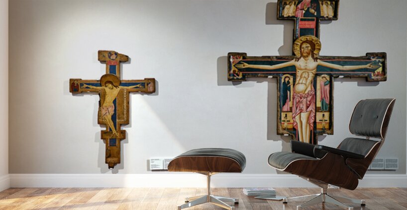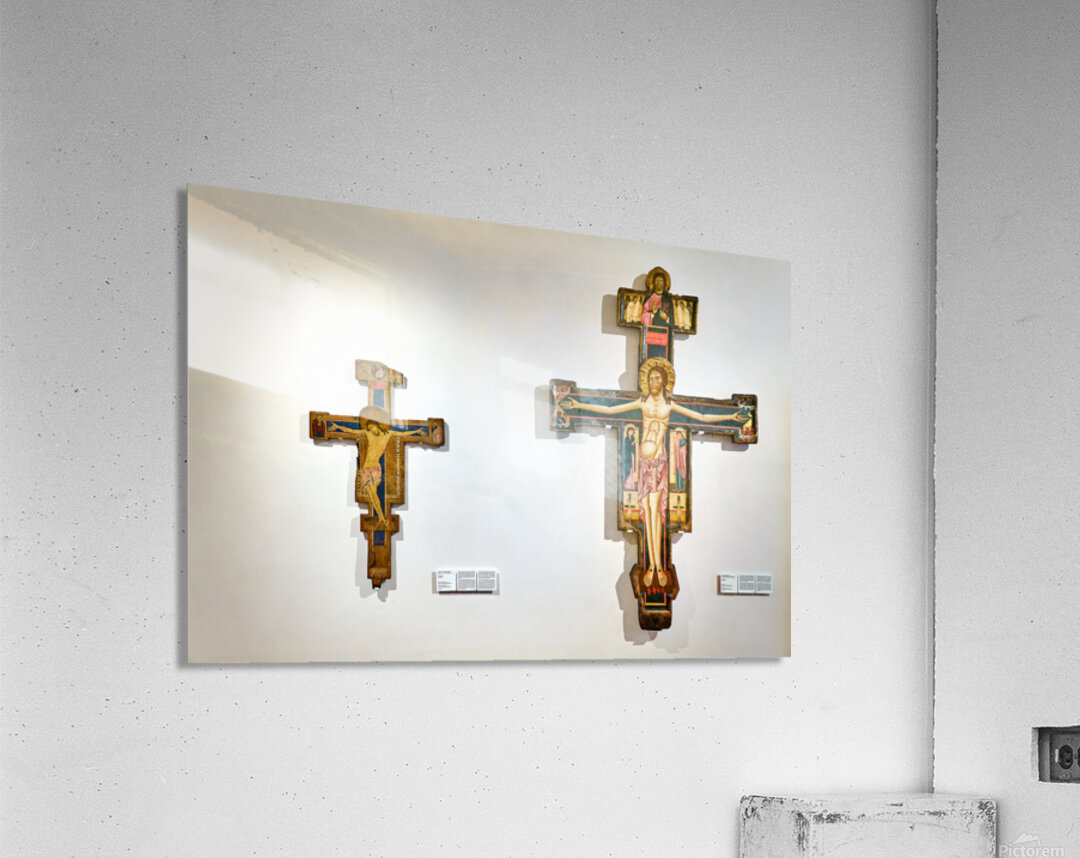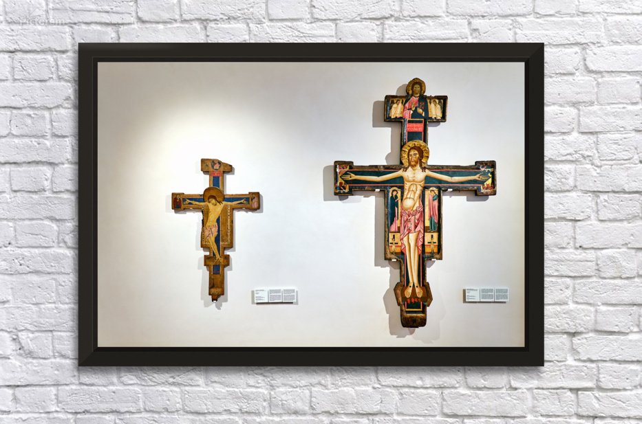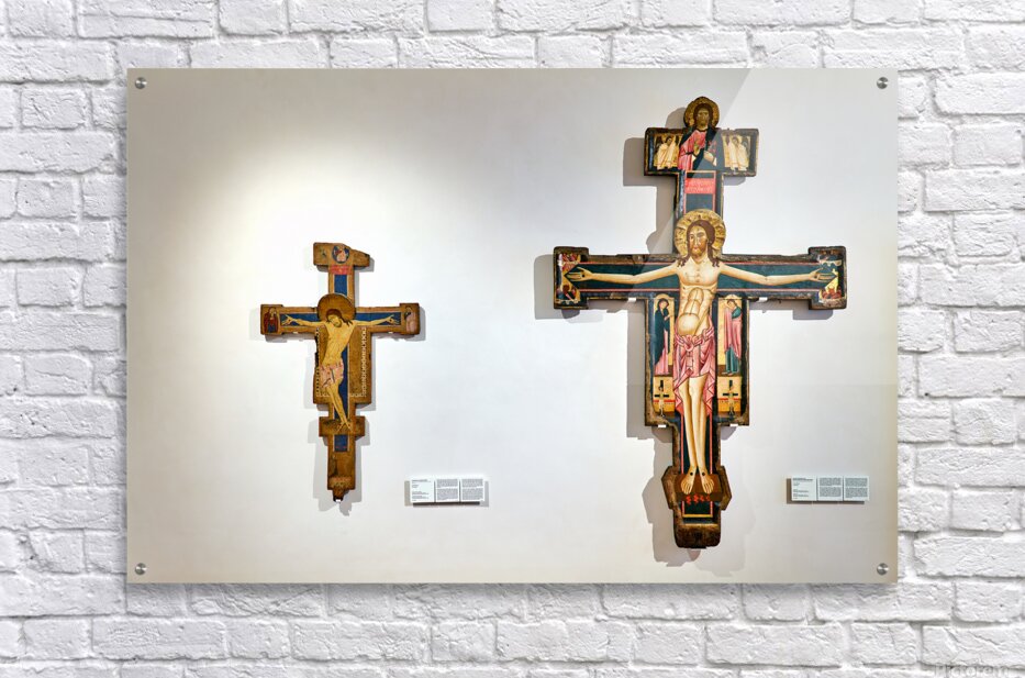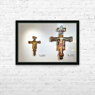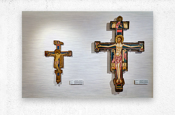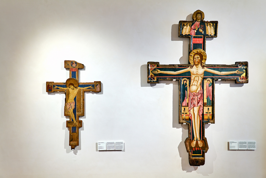 Medieval crucifixes by Berlinghieri and Machilone displayed at Galleria Nazionale dArte Antica in Rome showcasing historical religious art.
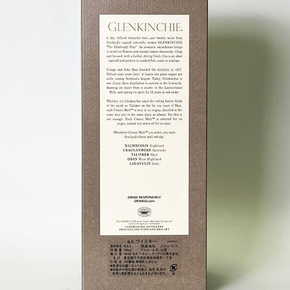 Founded in 1825, Glenkinchie Distillery is one of the few distilleries in the Lowlands, and produces the Edinburgh malt used as the base for Johnnie Walker. Distilled in one of Scotland's largest stills, it is characterized by a light, mild flavor, and this product is a single malt that has been aged for 12 years.
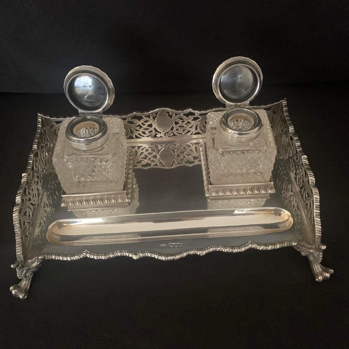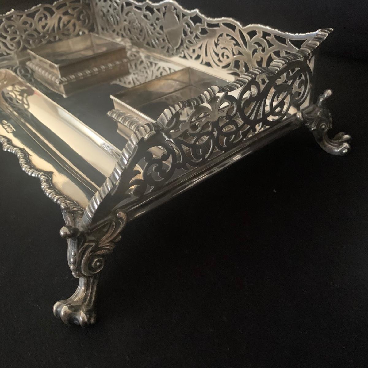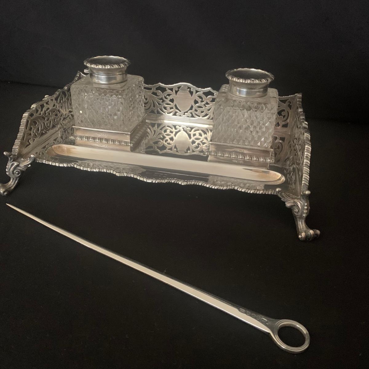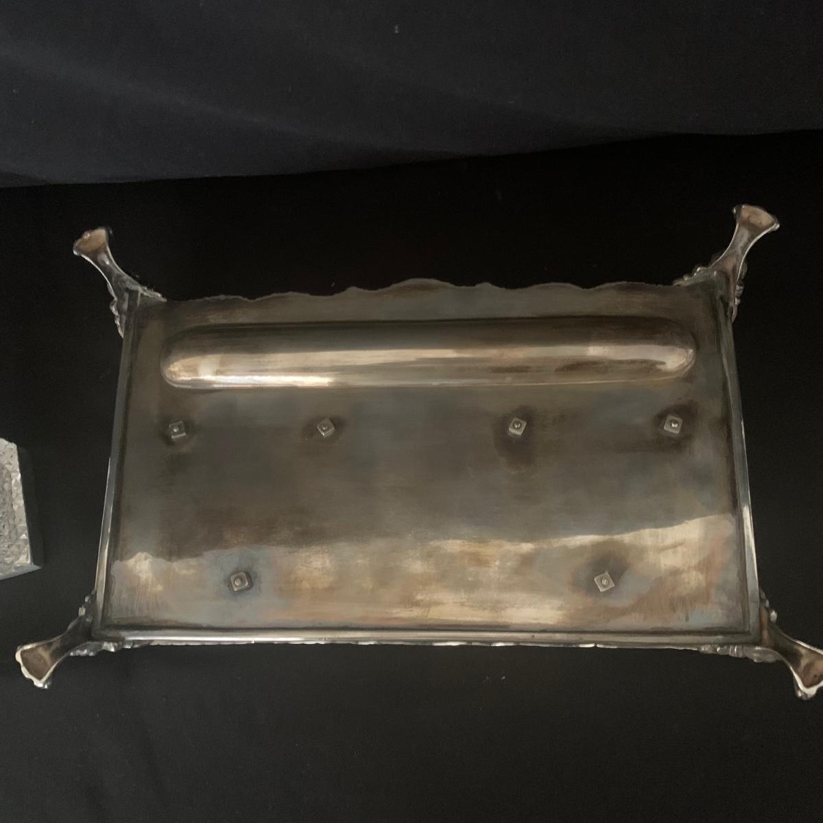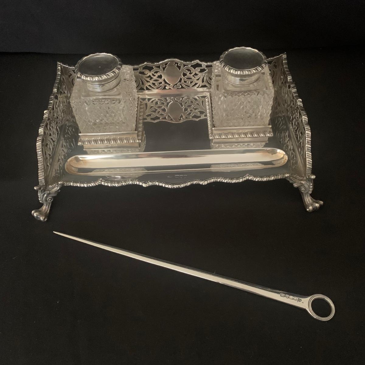 Lovely four pieces of desk elegance. This wonderful silver inkwell with two glass and silver ink wells and large letter opener are in nice condition. The letter opener measures 12” long and the ink well measures 13.5” x8.5” x3”. Shipping available.

■ ■ ■ ■ ■

WHAT TO WORK ON:
Excluding images, output exactly the lines from the one that holds "Founded in 1825, Glenkinchie" through the final line of the material, both ends included.

RESPONSE TO THIS TASK:
 Founded in 1825, Glenkinchie Distillery is one of the few distilleries in the Lowlands, and produces the Edinburgh malt used as the base for Johnnie Walker. Distilled in one of Scotland's largest stills, it is characterized by a light, mild flavor, and this product is a single malt that has been aged for 12 years.
 Lovely four pieces of desk elegance. This wonderful silver inkwell with two glass and silver ink wells and large letter opener are in nice condition. The letter opener measures 12” long and the ink well measures 13.5” x8.5” x3”. Shipping available.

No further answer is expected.